Patterned calbindin expression and staining artifacts can obscure Purkinje cell loss due to neurodegeneration.

A) Coronal cut tissue sections from C57BL/6J mice either immunostained for calbindin alone or immunostained for calbindin and stained with Neutral Red. Brackets indicate regions of zonal calbindin expression. Calbindin zones, when present, arise due to domains of high versus low expression rather than extended areas that completely lack calbindin-expressing Purkinje cells. Dashed lines indicate boundaries formed by intact Purkinje cell dendrites and degenerating dendrites. Arrowheads indicate calbindin-negative Purkinje cell bodies that are stained with Neutral Red. Cerebellar lobules are labeled with Roman numerals. Scale bar = 250 μm; inset scale bar = 100 μm. B) Coronal cut tissue sections from aged C57BL/6J mice either immunostained for calbindin alone or immunostained for calbindin and stained with Neutral Red. Arrowheads indicate Purkinje cell bodies that were not stained with calbindin antibody. Scale bar = 100 μm; inset scale bar = 50 μm.
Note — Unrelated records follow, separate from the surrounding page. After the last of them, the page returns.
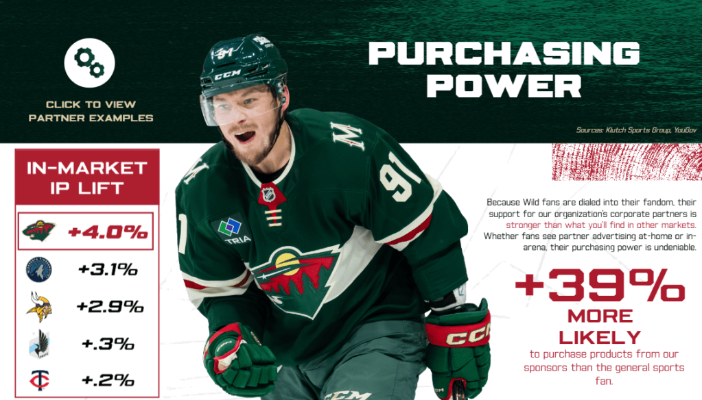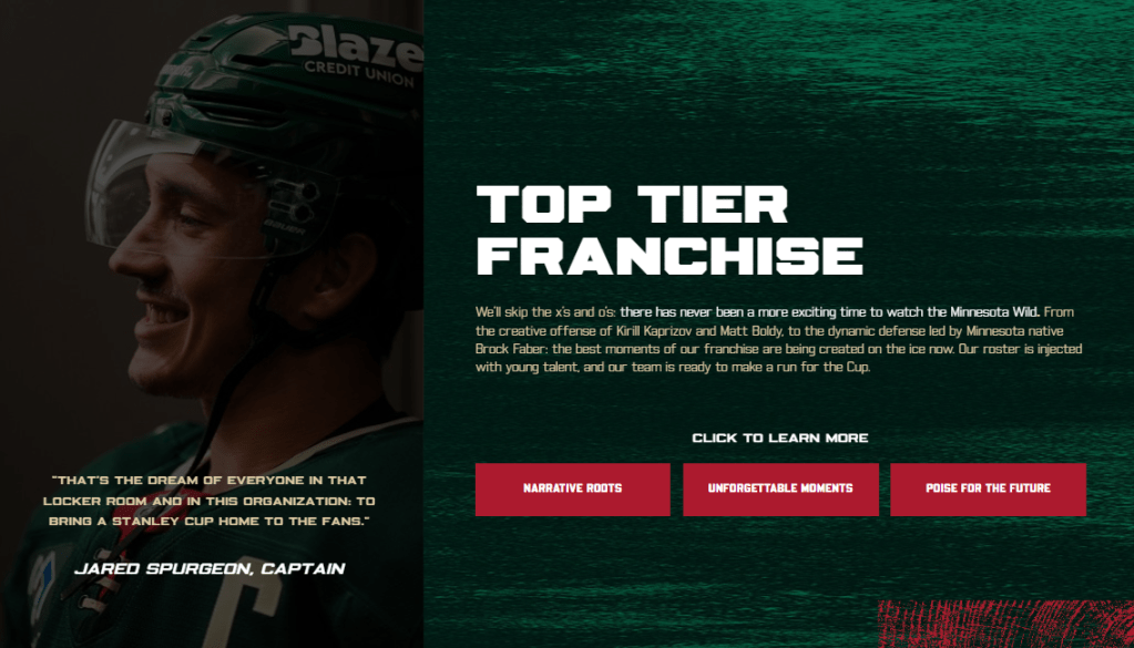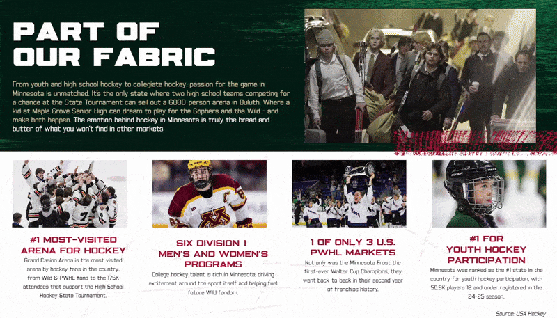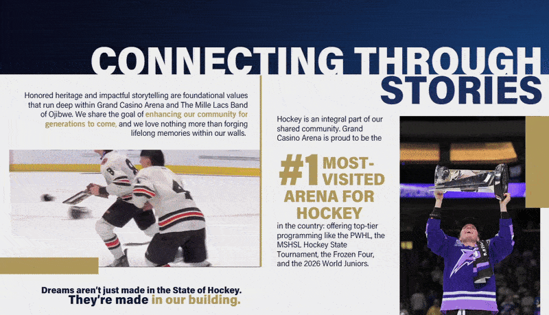 The Minnesota Wild and Grand Casino Arena utilize DIGIDECK as their primary platform for client proposals & beyond. While our “Master Library” contains custom slides for the individual assets that make up each pitch, one of DIGIDECK’s most important roles is to help tell the story of our brands and provide fan/business data to our clients: ultimately showcasing the benefit of working with us.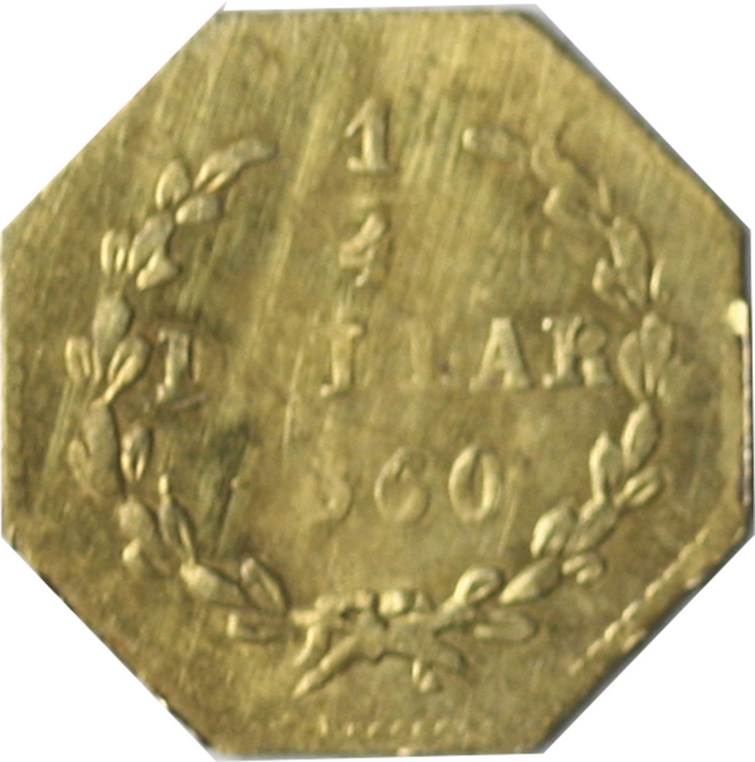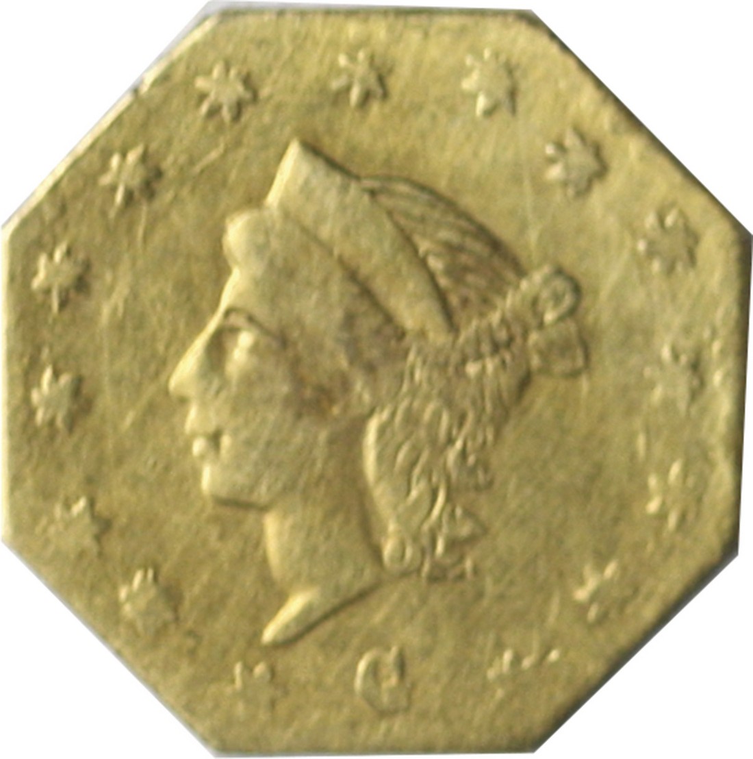 California Fractional Gold. 1860 Liberty Head Octagonal Quarter Dollar. BG-731 (Low R-5). About Uncirculated with respect to wear. The strike however, is not full, and the surfaces have sustained rather noticeable hairlines from a past cleaning on either side.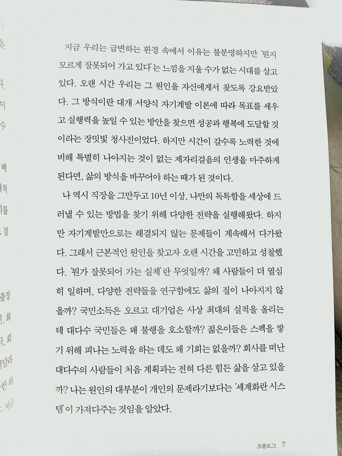그 방식이란 대개 서양식 자기계발 이론에 따라 목표를 세우고 실행력을 높일 수있는 방안을 찾으면 성공과 행복에 도달할 것이라는 장밋빛 청사진이었다.하지만 시간이 갈수록 노력한 것에 비해 특별히 나아지는 것이 없는 제자리걸음의 인생을 마주하게 된다면, 삶의 방식을 바꾸어야 하는 때가 된 것이다.나 역시 직장을 그만두고 10년 이상, 나만의 독특함을 세상에 드러낼 수 있는 방법을 찾기 위해 다양한 전략을 실행해왔다. 하지만 자기계발만으로는 해결되지 않는 문제들이 계속해서 다가왔다. 그래서 근본적인 원인을 찾고자 오랜시간을 고민하고 성찰했다. 뭔가 잘못되어 가는 실체란 무엇일까? 왜 사람들이 더 열심히 일하며, 다양한 전략들을 연구함에도 삶의 질이 나아지지 않을까? 국민소득은 오르고 대기업은 사상 최대의 실적을 올리는 데 대다수 국민들은 왜 불행을 호소할까? 젊은이들은 스펙을 쌓기 위해 피나는 노력을 하는 데도 왜 기회는 없을까? 회사를 떠난 대다수의 사람들이 처음 계획과는 전혀 다른 힘든 삶을 살고 있을까?나는 원인의 대부분이 개인의 문제라기보다는 세계화란 시스템이 가져다주는 것임을 알았다.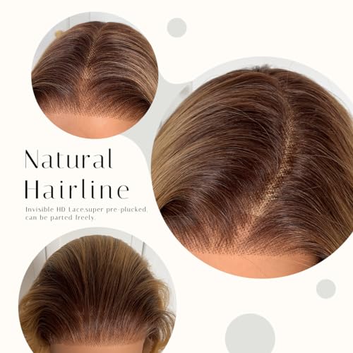 BlackSwern T1B/27 Ombre Honey Blonde 13x6 Synthetic Lace Front Wig,HD 13x6 Lace Frontal Wig Brown To Honey Blonde Pre-Plucked,26inch Body Wave Wigs 200 Density,Pre-Plucked PLUS 1.5¡¯¡¯ Hairline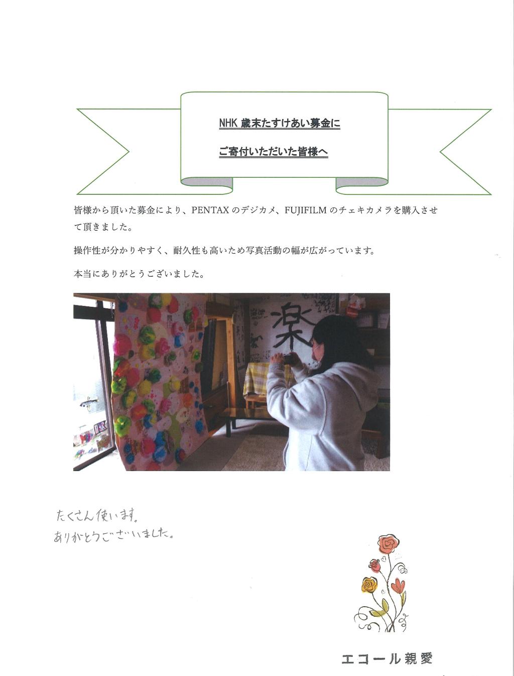 このたびは、寄付をありがとうございます。 おかげさまで、区の祭典や夏のレクリエーション事業において…

Calbindin and Purkinje cell-specific fluorescent reporter expression reflect the same stripes of Purkinje cell loss with respect to zebrin II.

Coronal cut tissue sections taken from lobules II-III of young and aged Purkinje cell-specific fluorescent reporter mice and co-immunostained for GFP, zebrin II, and calbindin. Scale bar = 250 μm.

There is no correlation between weight, peak tremor power, or relative age.

A) Peak tremor power plotted against body weight, with point color indicating age and point size indicating sex. B) Correlation matrix of peak tremor power, body weight, and age calculated using Spearman’s correlation.